Respect du bien-être animal
Pour commencer la production, quelque 8 400 poussins issus d’un couvoir situé en Wallonie (le Luxembourg n’en disposant pas), sont acheminés tous les 15 jours aux fermiers après un examen vétérinaire et vaccination. 53 jours durant («contre 32 à 35 jours pour un poulet standard à croissance rapide»), ils seront élevés dans l’un des cinq poulaillers construits expressément dans le cadre de ce projet, nourris d’après un régime élaboré par un nutritionniste jusqu’à ce qu’ils atteignent environ 2 kg, afin de correspondre au 1,3 kg standard prêt à la consommation.
«Des ouvertures sur le toit du poulailler apportent de la lumière naturelle. Un système de ventilation permet de renouveler l’air et un système de brumisation a été installé pour les mois chauds afin de garantir le bien-être animal», décrit Georges Eischen. Le sol du bâtiment, en béton, est quant à lui recouvert d’une litière épaisse, faite de copeaux ou de paille. «À la fin de l’élevage, le poulailler est entièrement nettoyé, désinfecté, et on procède à un vide sanitaire de dix jours avant la mise en place d’une nouvelle litière», précise le patron. Compromis entre un poulailler totalement fermé et un parcours entièrement libre (qui exposerait davantage les volailles à la grippe aviaire et aux renards, et pourrait aussi contaminer les nappes phréatiques), les poulaillers ont tous été agrémentés d’un «jardin d’hiver», une petite parcelle en extérieure, grillagée et recouverte d’un toit, pour permettre aux animaux de prendre l’air.
Un revenu minimum garanti dix ans
Concernant le nombre de poulets au mètre carré, la filière Lët’z Poulet assure respecter une densité inférieure à la directive européenne de protection des poulets de chair (c’est-à-dire destinés à la consommation), laquelle permet d’entasser les poulets jusqu’à 42 kg/m². «Nous nous sommes limités à 33 kg/m²», indique le responsable qualité de la Provençale, Philippe Brulet. Sachant que les poulets sont abattus à 2 kilos, cela correspond à une quinzaine de bêtes environ.

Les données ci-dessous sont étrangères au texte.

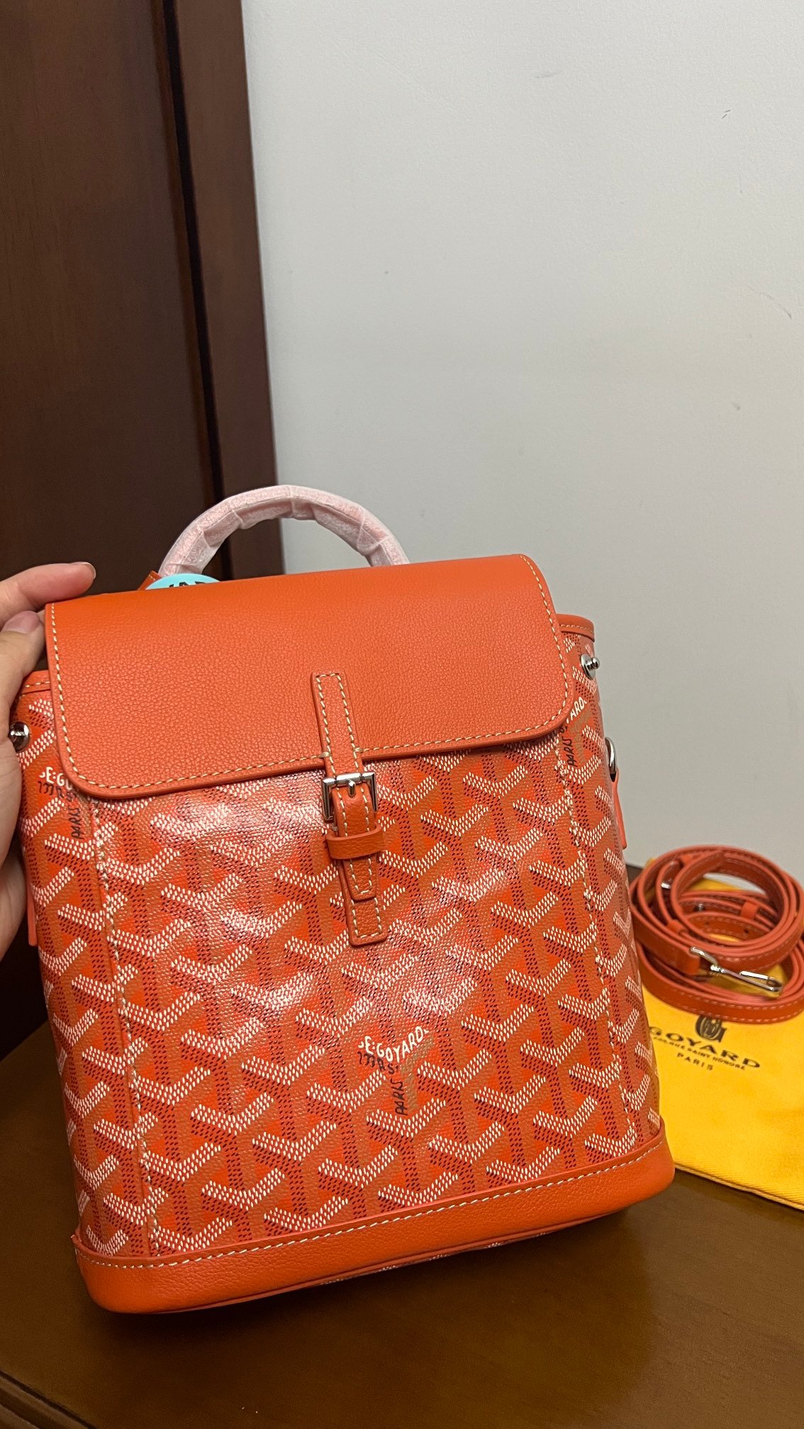 GOYARD Alpin new version of the side has been upgraded to button buckle style oh! Old Flower Full Print Removable Adjustable Shoulder Strap Canvas Spell Original Leather Schoolbag Backpack Shoulder Bag Mini Men’s and Women’s Couple’s Model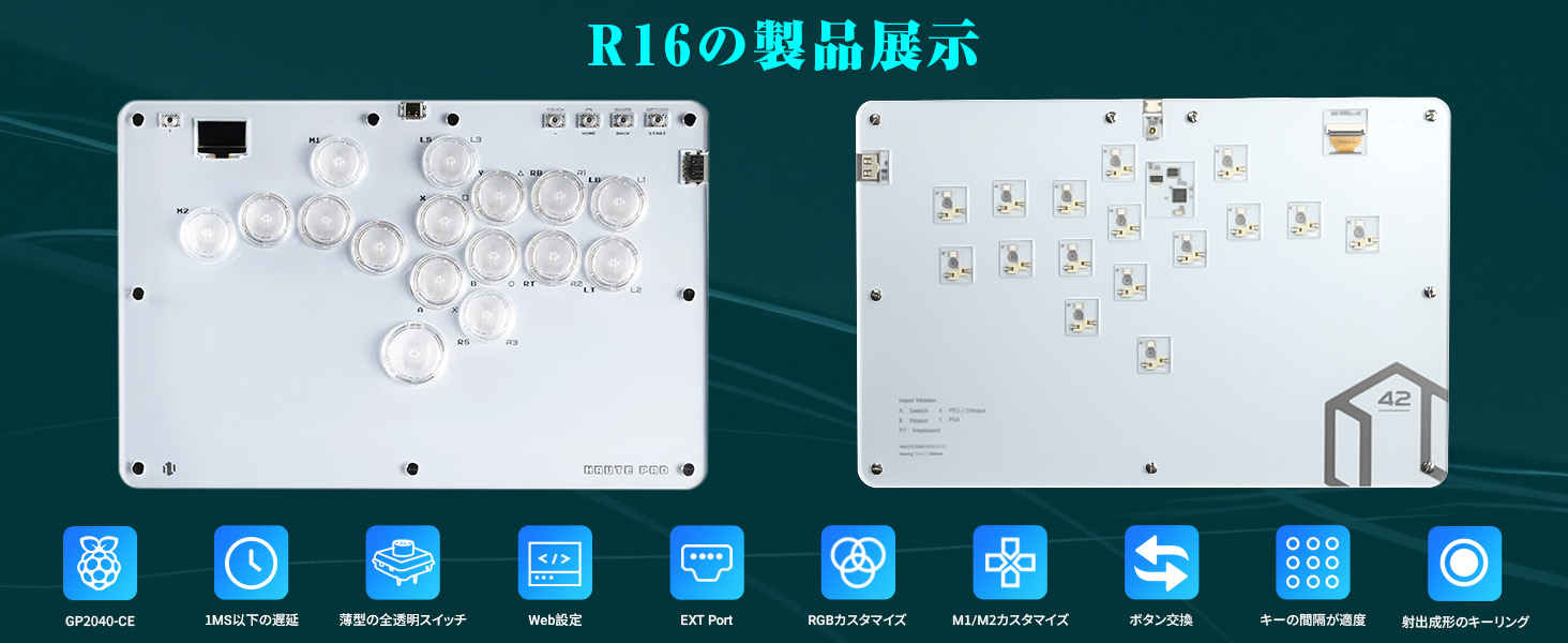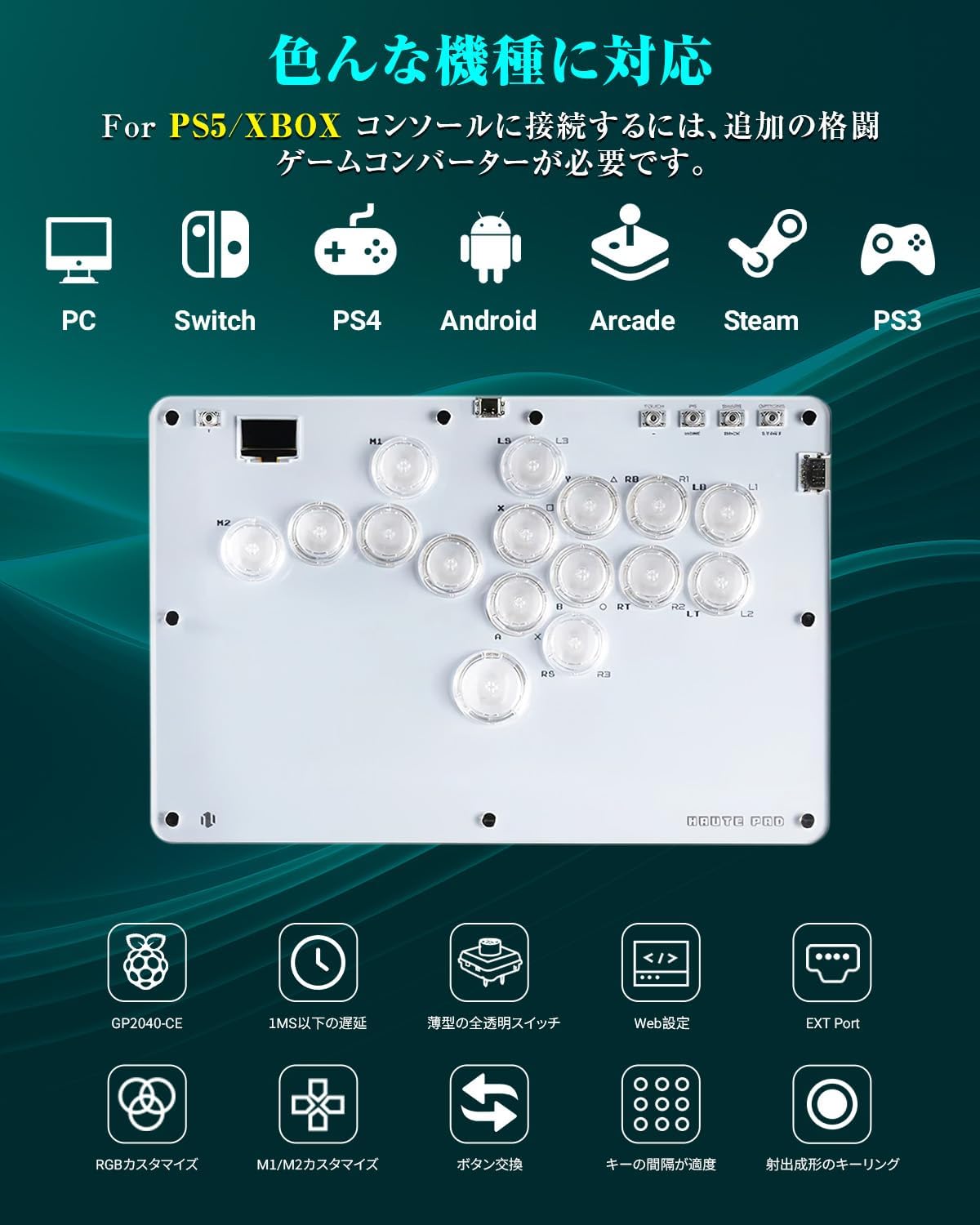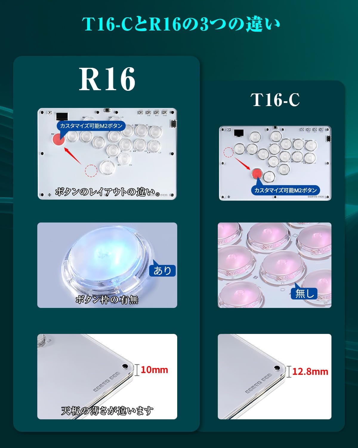 1.【格ゲー向けのレバーレスアケコンR16白】T16-Cと比べてボタンのレイアウトが変わった。珍しくḾ2ボタンが左手の小指に移動しているので、小指の使い方に慣れている方は小指で使えるM2ボタンの機能をカスタマイズすることも可能です。本体配色が綺麗だし、ボタン枠の追加でしっかりした感触でありながら、使いやすいです。ボタンが引っかかっていたり、外れたりせず、ちょうどいいサイズで運指がしやすい。天板広め、極薄の厚さ、携帯便利とKailh高透明ロープロファイルのキースイッチを搭載し、LEDライトがかなり明るい。コマンド入力でのジャンプ等への誤爆が一切なくなり、従来のアーケードスティックより素早く正確な操作が可能で、格闘ゲームの技もやすく出せます。システムが pico GP2040-CE、不具合修正などのファームウェア更新が可能。対応機種:Windows 10以降/ Steam Deck/PS3/PS4/Switch/Raspberry Pi(Lakka、RetroPie、Recalbox、Batocera)/MiSTer/Android、Linux、iPadOS、macOS. PS5やXBOXに接続する際は、専用の格ゲーコンバーターが必要です、互換性を確保するために、ぜひ別途にご購入ください。弊社では、PS4/PS5に対応したBooter5コンバーターと、XBOX用のBrook Wingman FGCを取り扱っています。

Pas d’antibiotique en amont non plus pour la volaille, certifie le responsable qualité. «Les poussins sont soignés s’ils sont malades, mais il n’y a pas d’additifs préventifs». En outre, il ne sera pas procédé au broyage des poussins mâles comme cela a pu être constaté dans certaines filières de pontes. «Les poussins sont sexés à la naissance et les poulets sont destinés à la consommation, c’est donc différent. Nous gardons les mâles et les femelles», confirme-t-il.
Mais surtout, cette coopération se veut garante d’une agriculture équitable, en assurant aux aviculteurs un revenu minimum pendant dix ans. C’est d’ailleurs ce qui a poussé Claude Thiry à se lancer dans l’aventure aux côtés de la Provençale. Ce fermier laitier a suivi une formation en ligne dispensée par l’Institut technique de l’aviculture (ITAVI) pour devenir aviculteur et participer au projet Lët’z Poulet. «C’est difficile en tant que cultivateur de gagner sa vie, on cherche donc toujours à se diversifier. Et ce partenariat garantit un revenu. Pour nous, c’est vraiment très important de mettre en avant les agriculteurs luxembourgeois, c’est quelque chose qu’on espérait depuis longtemps.»